Airbnb has provoked people to reconsider the meaning of home

It was good fun to be interviewed by journalist Cristina Sáez Torres on my new book “Hospitality, Home and Life in the Platform Economies of Tourism”. Among other questions, Cristina asked me about the meaning of ‘Airbnb shame’, which some hosts and guests experience at times. We also spoke about the changing meaning of home in the Airbnb economy and the role that housework and care play in that. The article has been published in Catalan: Spanish: : and the English translation can be found on the second half of each page:

“Airbnb has provoked people to reconsider the meaning of home”

During the last decade, tourist platforms such as Airbnb have gained significant popularity and at the same time, they have raised serious concerns about their impact on urban life, housing, and the formal accommodation sector. Postdoc researcher at UOC’s Faculty of Economics and Business Maartje Roelofsen started to study this type of platforms in 2014, when writing her doctoral thesis.

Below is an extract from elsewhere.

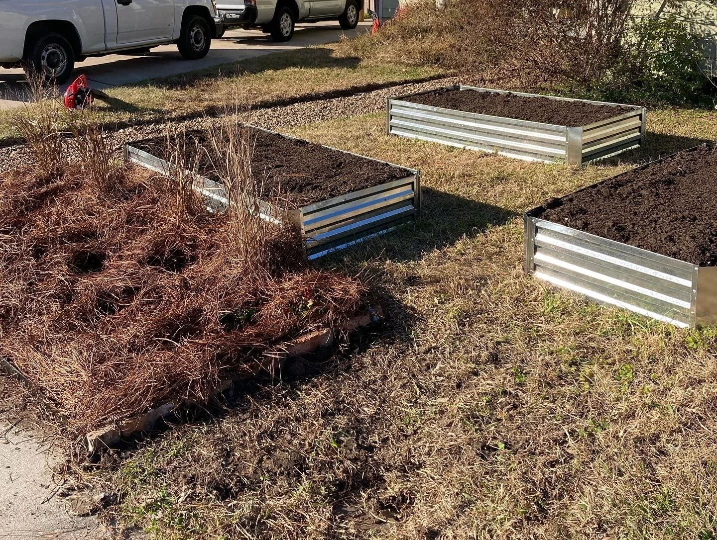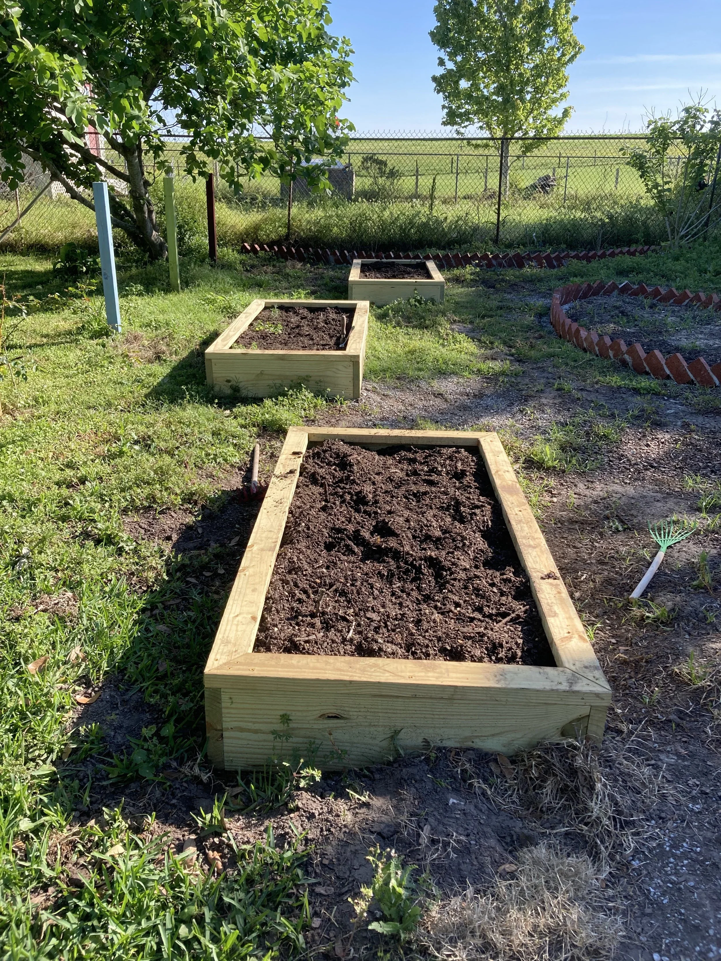 Raised beds and brick edging

Since then, she has been researching in the fields of tourism, geography, and planning.

In her last book, “Hospitality, Home and Life in the Platform Economies of Tourism”, she explores how digital platforms in the realm of tourism and hospitality have shaped social and material worlds and analyses the impacts of those platforms on the scale of the city, the home and the everyday life of individuals.

 

Why your interest in tourist platforms such as Airbnb?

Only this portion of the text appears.